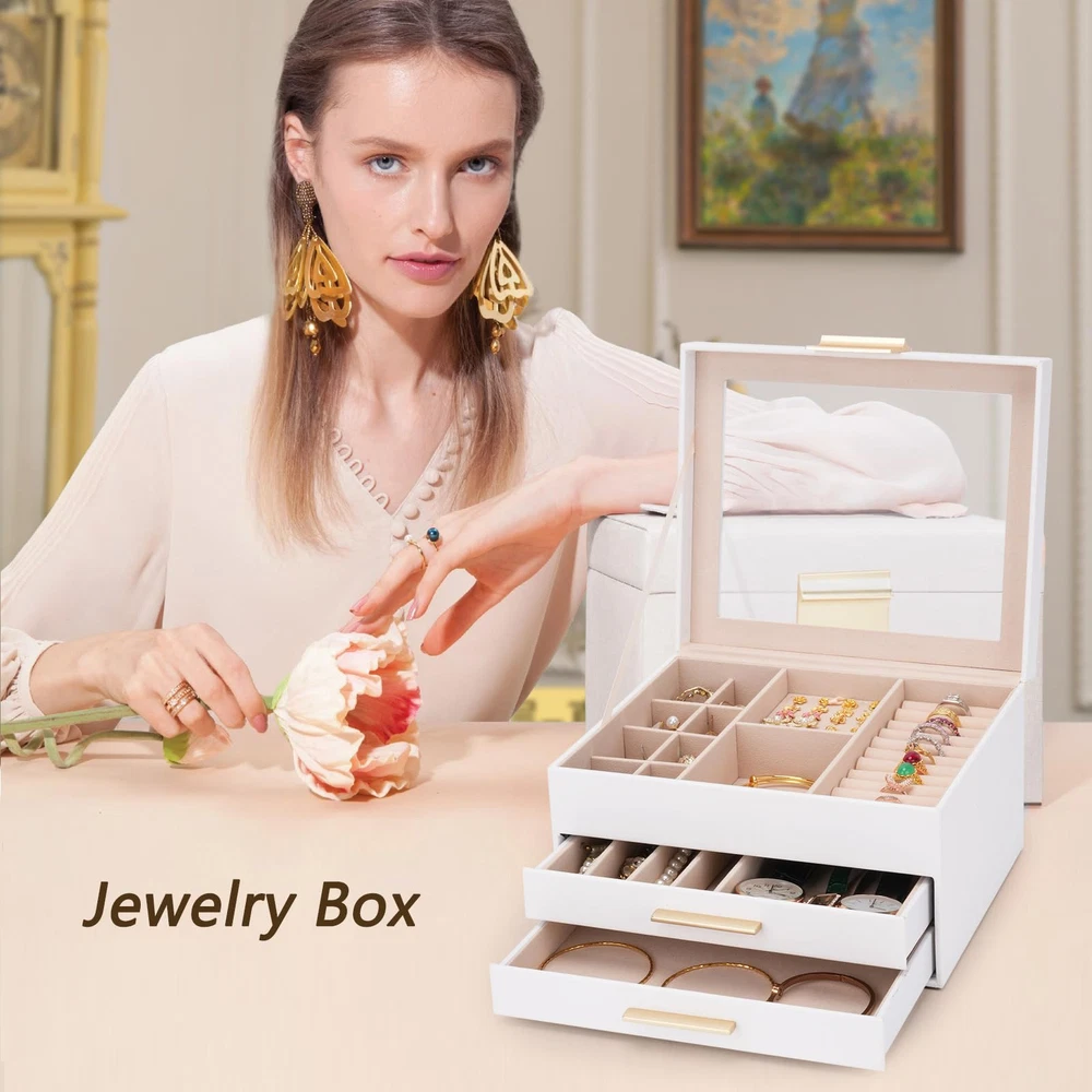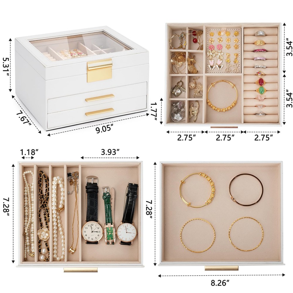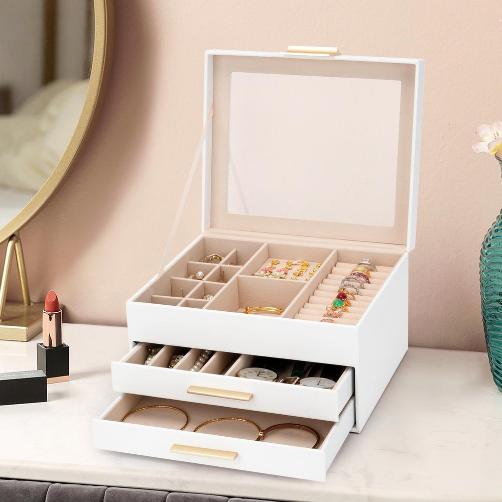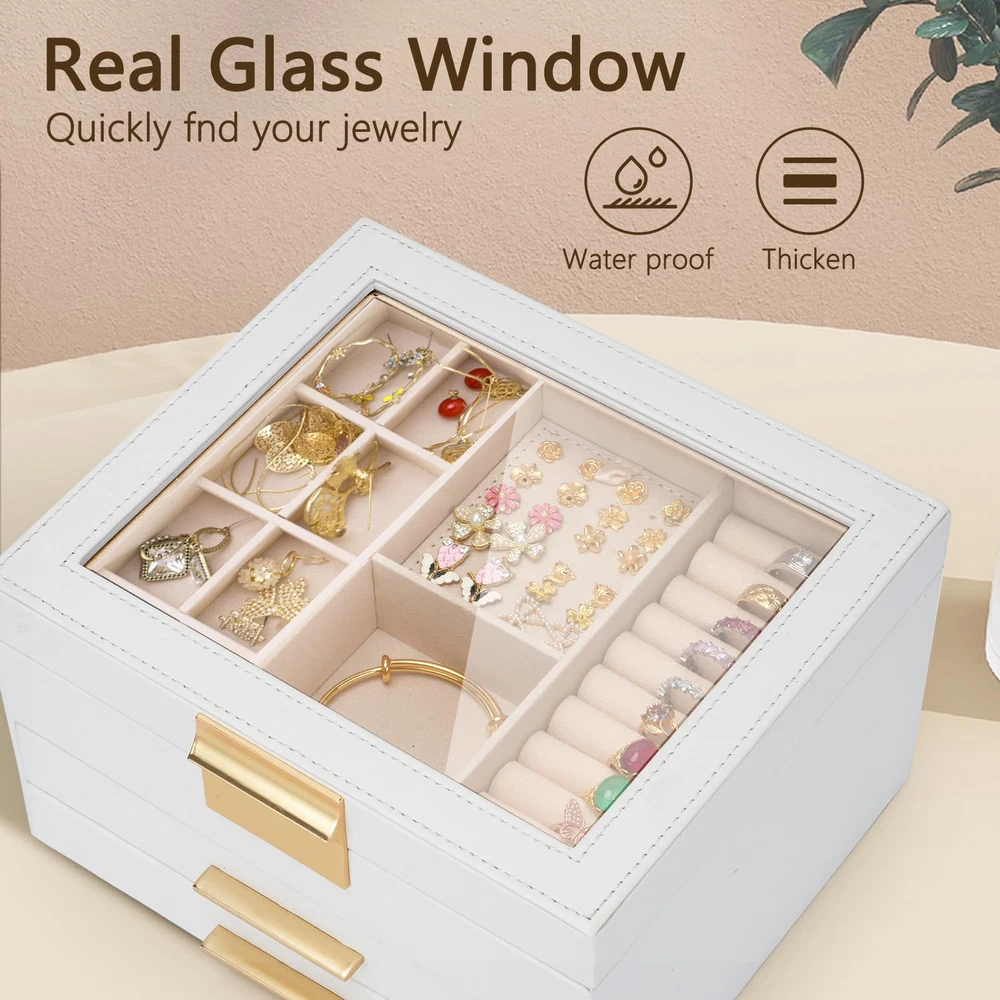 【Large Clear Lid for Easy Access】 – Showcase your favorite pieces under the clear glass lid of this jewelry organizer for women, making it effortless to find your treasures at a glance. This 3-layer jewelry box features three spacious drawers, multiple compartments, and elegant gold hardware for smooth access. 【Durable Material & Elegant Design】 – Crafted with premium PU leather, a soft velvet lining, and a flannel interior, this womens jewelry box is as durable as it is stylish. It’s shockproof and pressure-resistant, ensuring your valuable pieces stay safe. DIMENSIONS: 9.05" x 7.67" x 5.31". 【Versatile Jewelry Storage Solution】 – Perfect for organizing all your accessories, this jewelry box for women fits seamlessly on your bedroom dresser or closet shelf. Whether you need jewelry boxes & organizers for necklaces, earrings, or bracelets, this chic jewelry storage solution handles it all. 【Thoughtfully Designed Compartments】 – Rings fit snugly in the slots, earrings in small cubes, and necklaces in narrow compartments. With its practical layout, this jewlry box ensures every piece has its place, keeping everything tidy and easy to find. 【Perfect Gift for Any Occasion】 – This jewlery box is the ideal gift for women, from mothers to daughters and wives. With its modern design and included gift card, it’s ready to impress for birthdays, anniversaries, or any celebration.
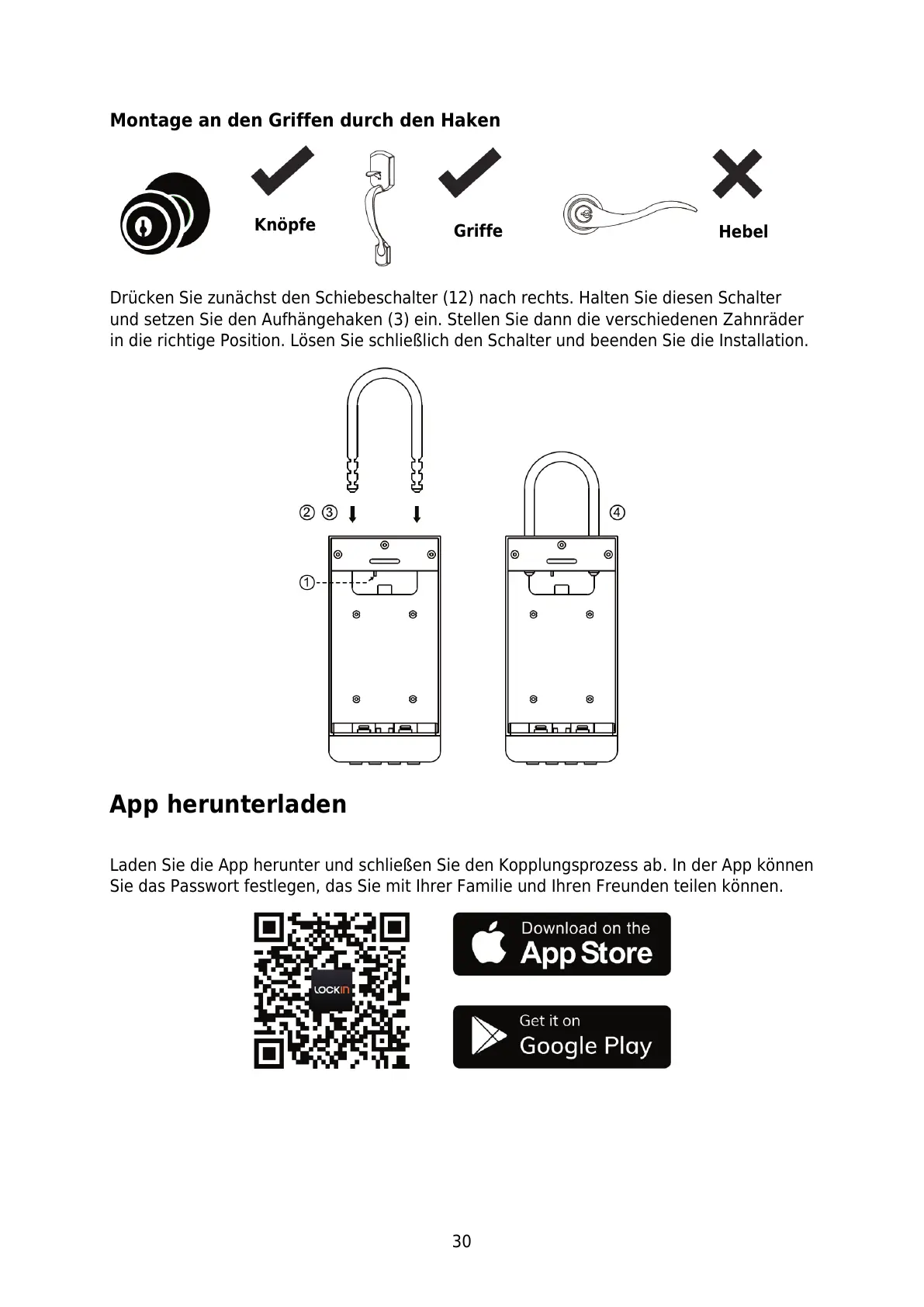 Montage an den Griffen durch den Haken
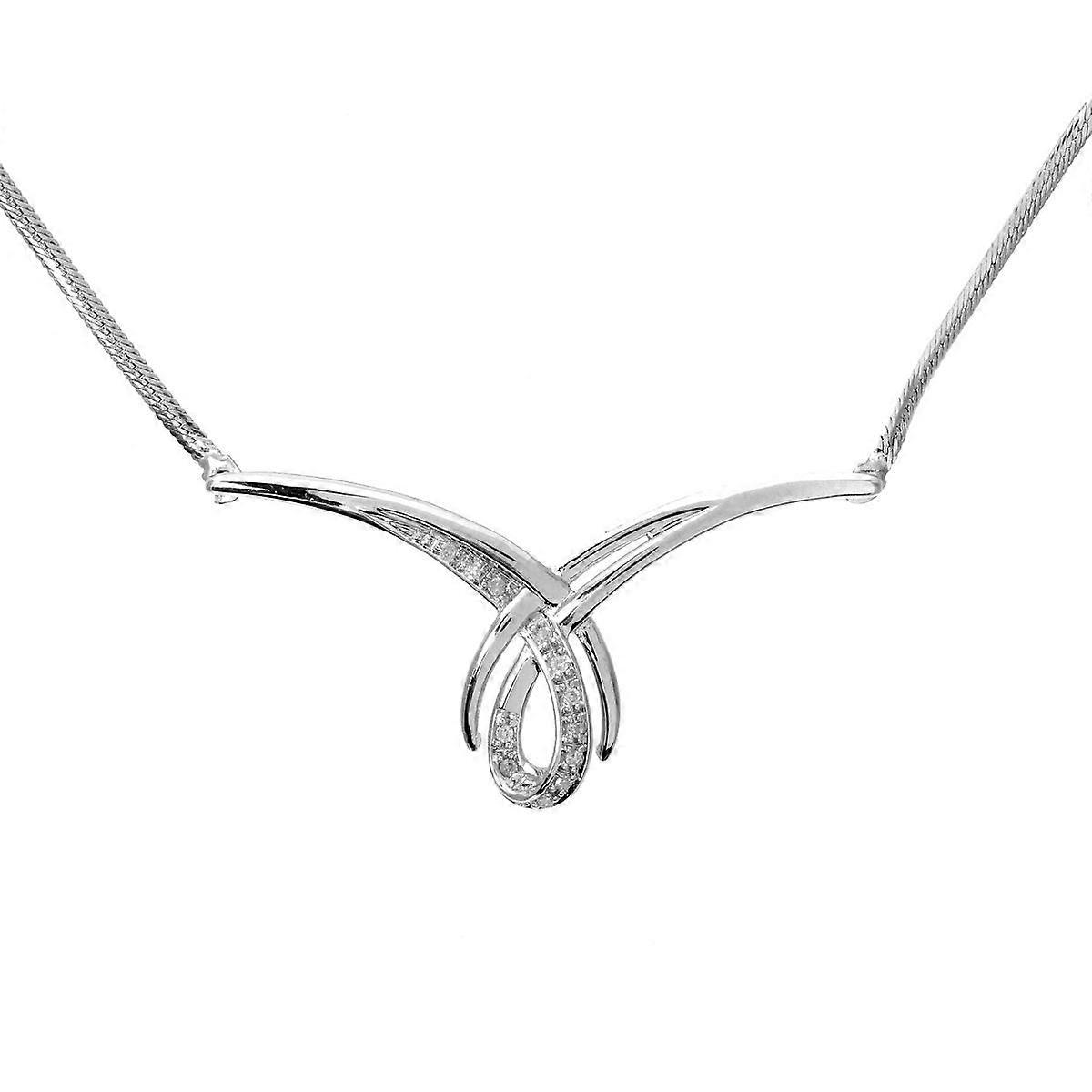 Jewelco London 9ct White Gold Round 5pts Diamond Winged Teardrop Loop Lavalier Necklace 18 inch 46cm
..........
> **WHAT YOU ARE ASKED TO DO**
Without including a single picture, restate all of the data word for word.

> **ANSWER BOX**
 【Large Clear Lid for Easy Access】 – Showcase your favorite pieces under the clear glass lid of this jewelry organizer for women, making it effortless to find your treasures at a glance. This 3-layer jewelry box features three spacious drawers, multiple compartments, and elegant gold hardware for smooth access. 【Durable Material & Elegant Design】 – Crafted with premium PU leather, a soft velvet lining, and a flannel interior, this womens jewelry box is as durable as it is stylish. It’s shockproof and pressure-resistant, ensuring your valuable pieces stay safe. DIMENSIONS: 9.05" x 7.67" x 5.31". 【Versatile Jewelry Storage Solution】 – Perfect for organizing all your accessories, this jewelry box for women fits seamlessly on your bedroom dresser or closet shelf. Whether you need jewelry boxes & organizers for necklaces, earrings, or bracelets, this chic jewelry storage solution handles it all. 【Thoughtfully Designed Compartments】 – Rings fit snugly in the slots, earrings in small cubes, and necklaces in narrow compartments. With its practical layout, this jewlry box ensures every piece has its place, keeping everything tidy and easy to find. 【Perfect Gift for Any Occasion】 – This jewlery box is the ideal gift for women, from mothers to daughters and wives. With its modern design and included gift card, it’s ready to impress for birthdays, anniversaries, or any celebration.
 Montage an den Griffen durch den Haken
 Jewelco London 9ct White Gold Round 5pts Diamond Winged Teardrop Loop Lavalier Necklace 18 inch 46cm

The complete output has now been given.